Problem details ▸
Each entry below must be repeated exactly. Leave the pictures out of it.

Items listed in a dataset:
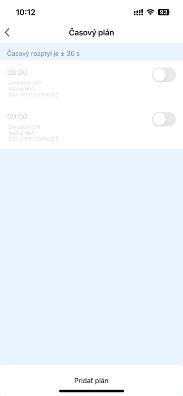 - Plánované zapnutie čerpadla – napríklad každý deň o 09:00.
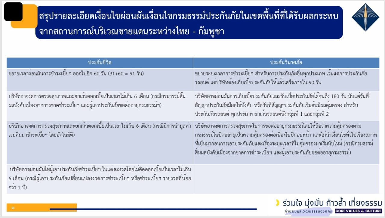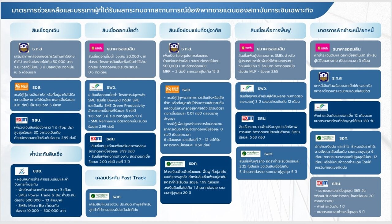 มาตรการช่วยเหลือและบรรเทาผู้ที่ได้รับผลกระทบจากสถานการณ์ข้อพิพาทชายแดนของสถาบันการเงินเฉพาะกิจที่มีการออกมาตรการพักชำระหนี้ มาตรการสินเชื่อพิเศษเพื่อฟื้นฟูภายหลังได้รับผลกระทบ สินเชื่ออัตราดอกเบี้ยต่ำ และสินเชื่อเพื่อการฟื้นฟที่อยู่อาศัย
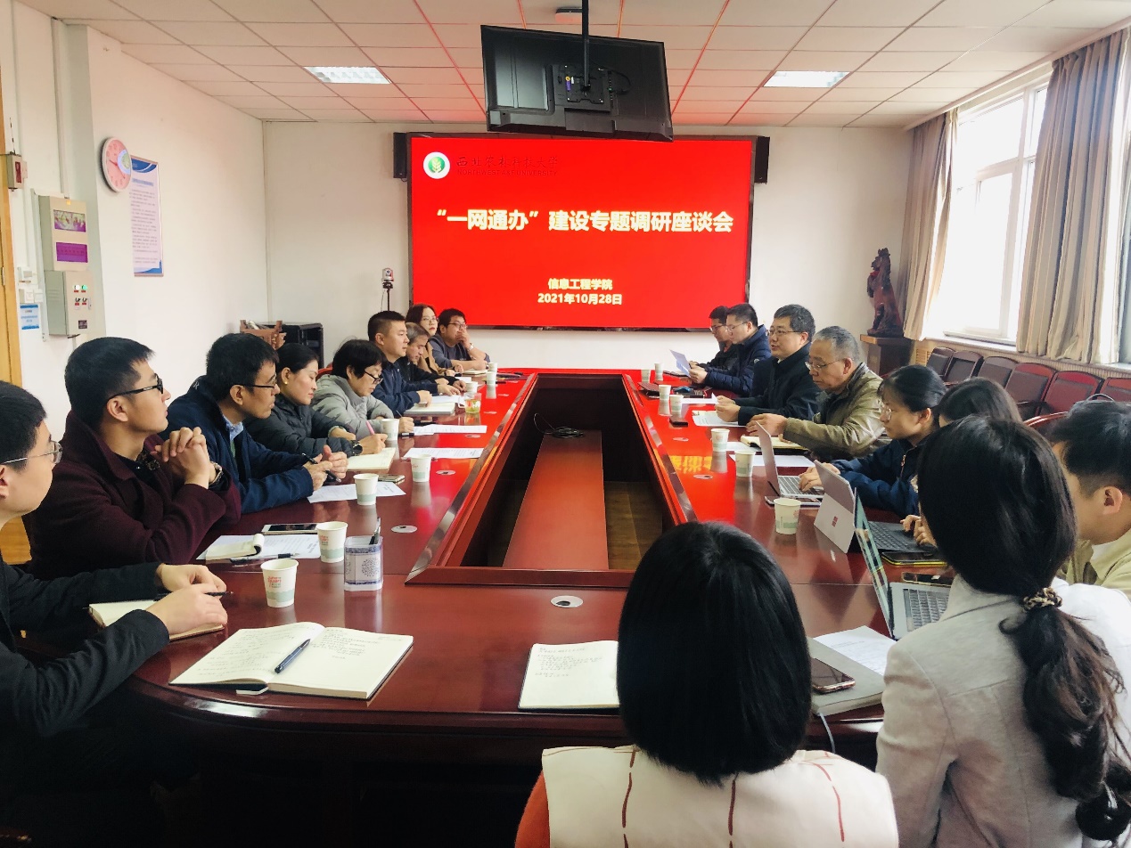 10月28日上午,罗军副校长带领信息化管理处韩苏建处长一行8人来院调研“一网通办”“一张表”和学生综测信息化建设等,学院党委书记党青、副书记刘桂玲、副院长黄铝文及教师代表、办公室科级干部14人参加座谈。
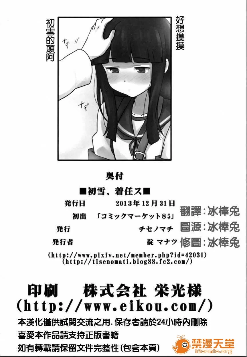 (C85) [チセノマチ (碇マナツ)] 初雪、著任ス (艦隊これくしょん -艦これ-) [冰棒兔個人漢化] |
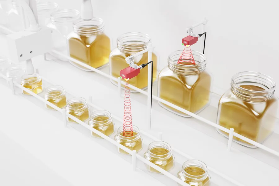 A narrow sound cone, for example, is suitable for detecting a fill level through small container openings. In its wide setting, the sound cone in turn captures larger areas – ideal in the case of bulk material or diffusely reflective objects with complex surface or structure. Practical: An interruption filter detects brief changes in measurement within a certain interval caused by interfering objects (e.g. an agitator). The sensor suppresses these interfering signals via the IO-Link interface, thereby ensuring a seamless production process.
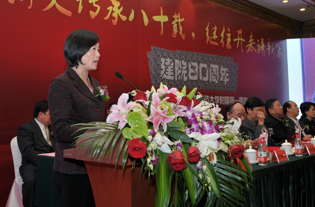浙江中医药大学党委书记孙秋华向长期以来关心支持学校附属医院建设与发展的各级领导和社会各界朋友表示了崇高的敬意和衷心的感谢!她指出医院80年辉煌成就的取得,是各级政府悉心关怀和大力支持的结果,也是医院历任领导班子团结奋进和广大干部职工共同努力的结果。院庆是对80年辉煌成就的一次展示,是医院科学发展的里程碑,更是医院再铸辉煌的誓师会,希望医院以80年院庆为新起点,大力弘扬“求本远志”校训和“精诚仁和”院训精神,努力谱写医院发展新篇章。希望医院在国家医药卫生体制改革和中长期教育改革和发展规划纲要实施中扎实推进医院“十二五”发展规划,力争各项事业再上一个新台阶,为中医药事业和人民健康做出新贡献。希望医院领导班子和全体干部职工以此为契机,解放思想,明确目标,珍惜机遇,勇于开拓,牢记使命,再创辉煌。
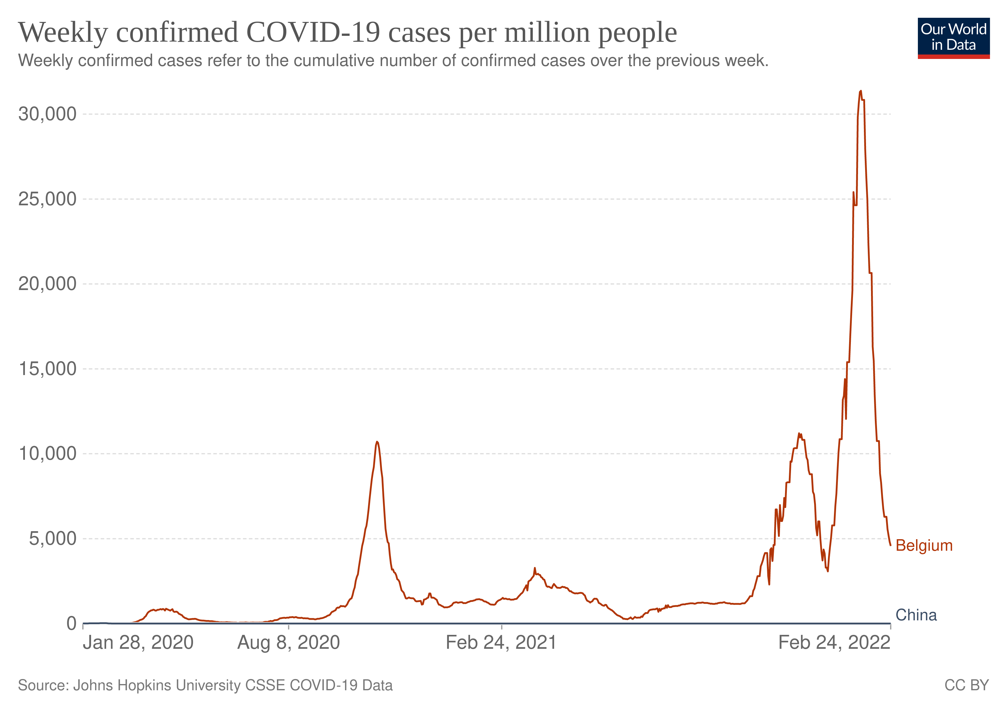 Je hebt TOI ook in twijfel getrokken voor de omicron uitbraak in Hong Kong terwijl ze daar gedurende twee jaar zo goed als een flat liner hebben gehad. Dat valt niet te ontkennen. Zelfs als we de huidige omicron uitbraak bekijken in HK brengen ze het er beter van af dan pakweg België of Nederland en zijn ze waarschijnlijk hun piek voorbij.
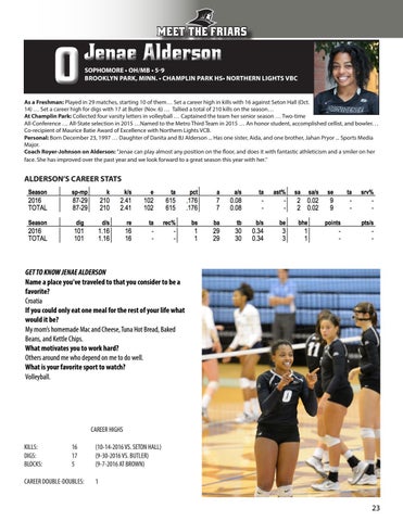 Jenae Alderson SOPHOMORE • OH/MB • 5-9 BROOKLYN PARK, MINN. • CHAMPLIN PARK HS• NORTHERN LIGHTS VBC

Answer to this task ▸
 - Plánované zapnutie čerpadla – napríklad každý deň o 09:00.
 มาตรการช่วยเหลือและบรรเทาผู้ที่ได้รับผลกระทบจากสถานการณ์ข้อพิพาทชายแดนของสถาบันการเงินเฉพาะกิจที่มีการออกมาตรการพักชำระหนี้ มาตรการสินเชื่อพิเศษเพื่อฟื้นฟูภายหลังได้รับผลกระทบ สินเชื่ออัตราดอกเบี้ยต่ำ และสินเชื่อเพื่อการฟื้นฟที่อยู่อาศัย
 10月28日上午,罗军副校长带领信息化管理处韩苏建处长一行8人来院调研“一网通办”“一张表”和学生综测信息化建设等,学院党委书记党青、副书记刘桂玲、副院长黄铝文及教师代表、办公室科级干部14人参加座谈。
 (C85) [チセノマチ (碇マナツ)] 初雪、著任ス (艦隊これくしょん -艦これ-) [冰棒兔個人漢化] |
 A narrow sound cone, for example, is suitable for detecting a fill level through small container openings. In its wide setting, the sound cone in turn captures larger areas – ideal in the case of bulk material or diffusely reflective objects with complex surface or structure. Practical: An interruption filter detects brief changes in measurement within a certain interval caused by interfering objects (e.g. an agitator). The sensor suppresses these interfering signals via the IO-Link interface, thereby ensuring a seamless production process.
浙江中医药大学党委书记孙秋华向长期以来关心支持学校附属医院建设与发展的各级领导和社会各界朋友表示了崇高的敬意和衷心的感谢!她指出医院80年辉煌成就的取得,是各级政府悉心关怀和大力支持的结果,也是医院历任领导班子团结奋进和广大干部职工共同努力的结果。院庆是对80年辉煌成就的一次展示,是医院科学发展的里程碑,更是医院再铸辉煌的誓师会,希望医院以80年院庆为新起点,大力弘扬“求本远志”校训和“精诚仁和”院训精神,努力谱写医院发展新篇章。希望医院在国家医药卫生体制改革和中长期教育改革和发展规划纲要实施中扎实推进医院“十二五”发展规划,力争各项事业再上一个新台阶,为中医药事业和人民健康做出新贡献。希望医院领导班子和全体干部职工以此为契机,解放思想,明确目标,珍惜机遇,勇于开拓,牢记使命,再创辉煌。
 Je hebt TOI ook in twijfel getrokken voor de omicron uitbraak in Hong Kong terwijl ze daar gedurende twee jaar zo goed als een flat liner hebben gehad. Dat valt niet te ontkennen. Zelfs als we de huidige omicron uitbraak bekijken in HK brengen ze het er beter van af dan pakweg België of Nederland en zijn ze waarschijnlijk hun piek voorbij.
 Jenae Alderson SOPHOMORE • OH/MB • 5-9 BROOKLYN PARK, MINN. • CHAMPLIN PARK HS• NORTHERN LIGHTS VBC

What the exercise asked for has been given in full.